In the case of religious believers, however, while hate speech can certainly target them (e.g. the Muslims and Jews in the aforementioned examples are religious believers), it is also possible for them to be the victims of offensive speech that does not attack them directly but only indirectly via their beliefs and convictions. This renders the situation of religious believers unique in the debate on hate and offensive speech. Religion is not special as such because people can be offended by many forms of speech besides religiously offensive speech. But religion is unique in the sense that, in the case of hate speech and wrongful discrimination, it is the only protected characteristic which is constituted by people’s beliefs and convictions. This is the rationale for our focus on religion in what follows. Our central aim is to explain and systematise the wrong of speech offensive to religious minorities that does not (necessarily) meet the criteria of hate speech, this being a necessary preliminary to constructive thinking about possible modes of regulation.

We have already defined religiously offensive speech as speech that offends members of religious groups, especially religious minorities. We have also distinguished it from hate speech. However, religiously offensive speech can manifest itself in two different forms. One is speech that is an affront to someone’s religious sensibilities. An example of this is a portrayal of an image of Muhammad that is not inherently derogatory (i.e. it is not accompanied by any offensive statements about Muhammad, Islam, etc.) but that nevertheless cuts against the Islamic tradition against pictorial depictions of Muhammad and hence is liable to scandalise a devout Muslim’s religious sensibilities. The other manifestation of religiously offensive speech is speech that expresses a demeaning attitude towards a religious belief, e.g. by considering it absurd, crazy or otherwise epistemically and/or morally deficient in some especially serious way. We believe that the latter kind of offensive speech is more likely than the former to undermine the self-respect and non-domination of its victims against an unjust social background. However, we also believe that the two kinds of religiously offensive speech are often connected, and that instances of the former kind often (though not always) result in instances of the latter kind. We will return to this distinction later by examining a legal decision by the European Court of Human Rights (ECHR).

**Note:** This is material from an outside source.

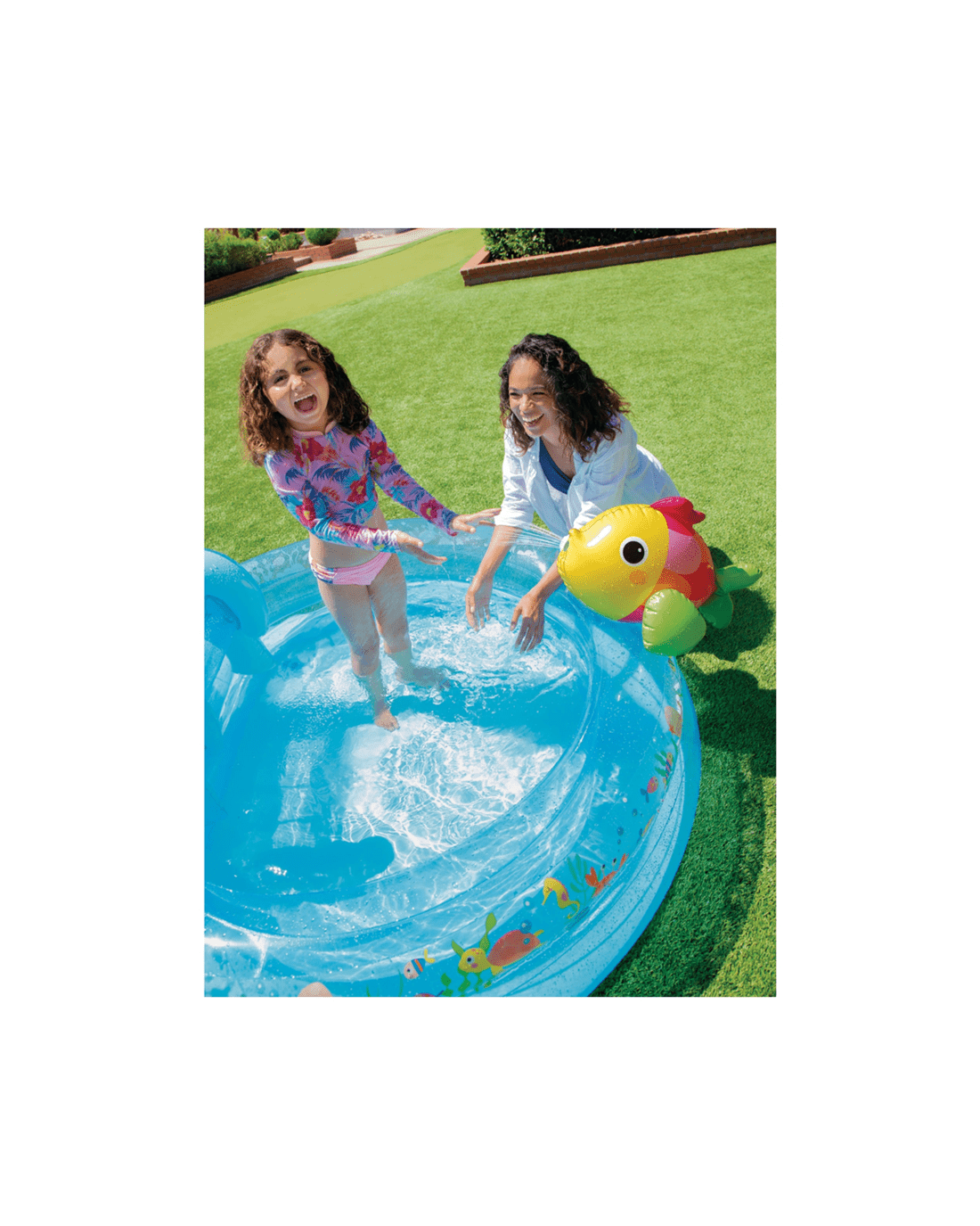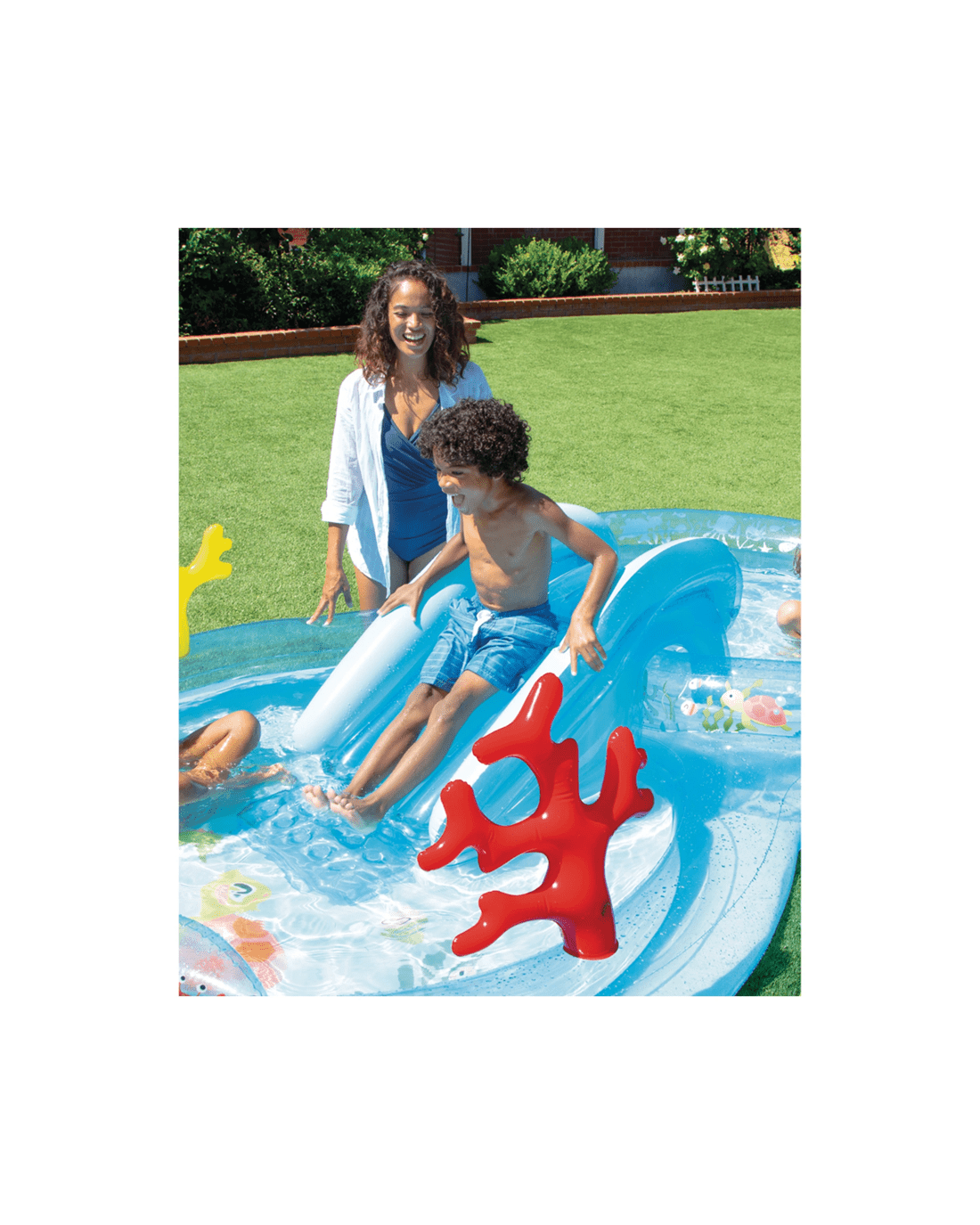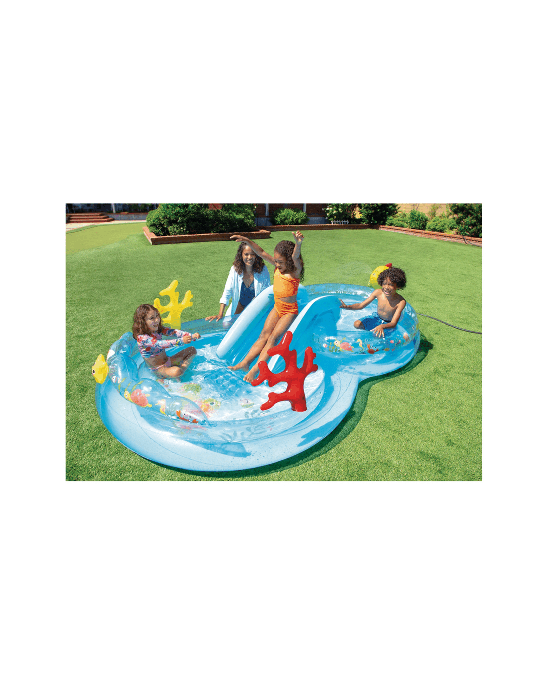 - Fun Water Play Design: Features colourful sea-themed decorations and a small slide to keep children entertained and active during summer.
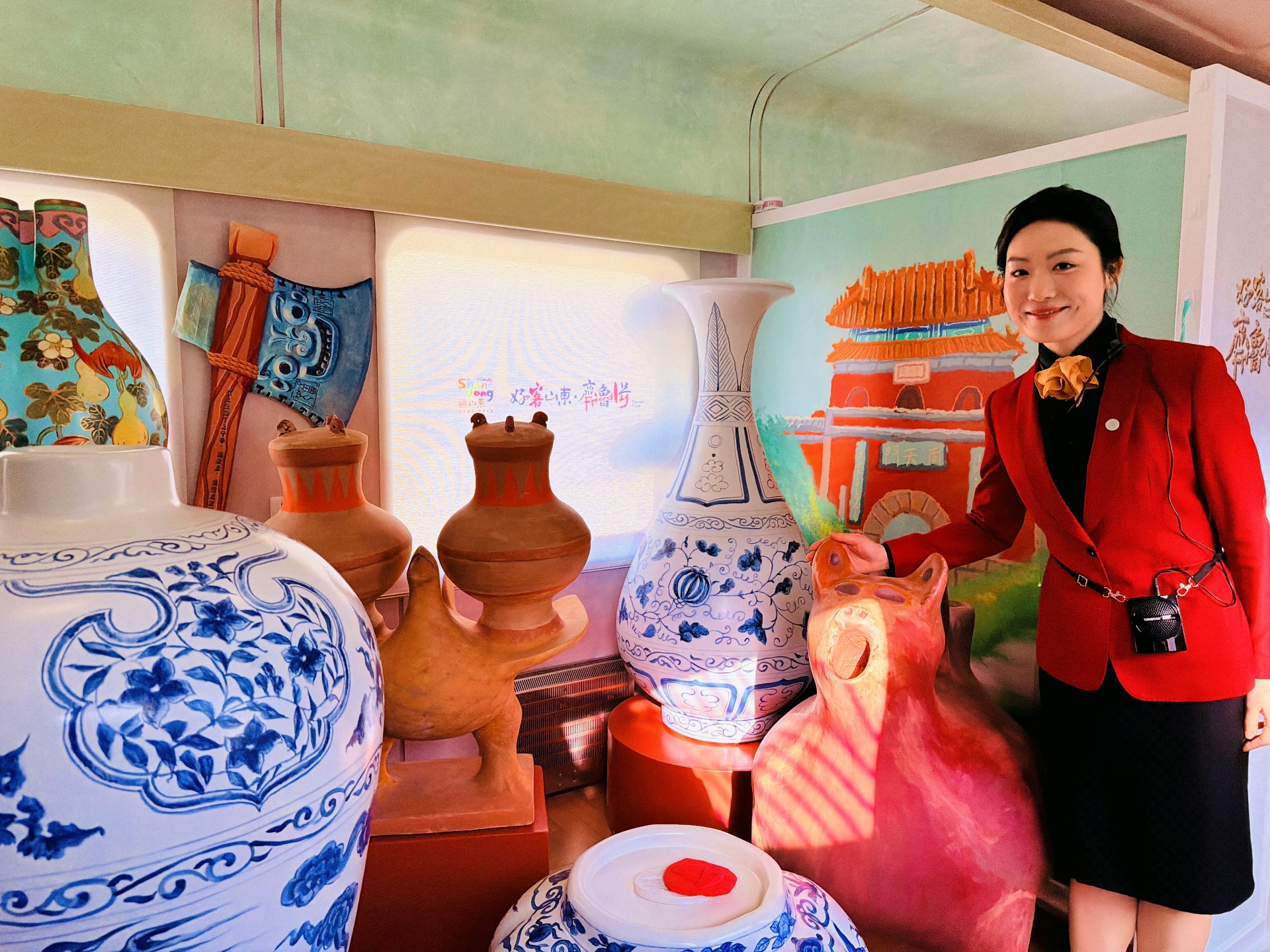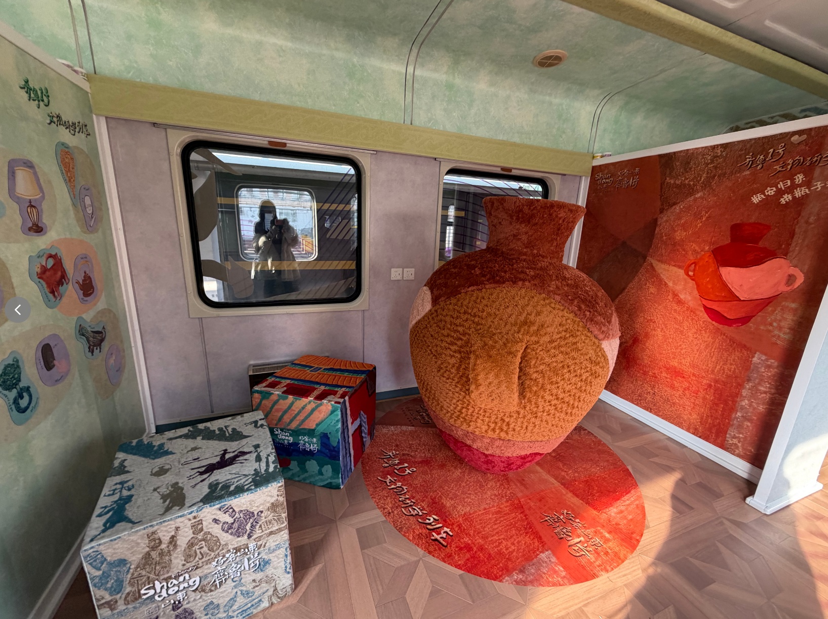 登上列车,七节主题车厢让他们惊喜不已——青铜、玉、瓷、陶、画像石、建筑、服饰,齐鲁燕赵的文物精华被浓缩于一列火车之中。走进每节车厢,都仿佛推开了一扇博物馆的大门:青铜车厢的壁面上,青铜礼器的纹路清晰可见;瓷主题车厢里,手绘青花龙纹梅瓶瓷器惟妙惟肖……

Beyond distinguishing between the two aforementioned categories of offensive speech, we do not intend to distinguish between more specific kinds of offensive speech. For example, the aforementioned Section of the UK Racial and Religious Hatred Act 2006 uses such diverse terms as ‘antipathy, dislike, ridicule, insult or abuse of particular religions or the beliefs or practices of their adherents’, and one might think of many other ways in which speech can be offensive without being hate speech. Our aim is not to unpack these different sub-categories of offensive speech but rather to argue that whenever speech offends members of religious minorities, in whichever form it does so, and without being hate speech, it is wrongful if the two aforementioned conditions a) and b) apply.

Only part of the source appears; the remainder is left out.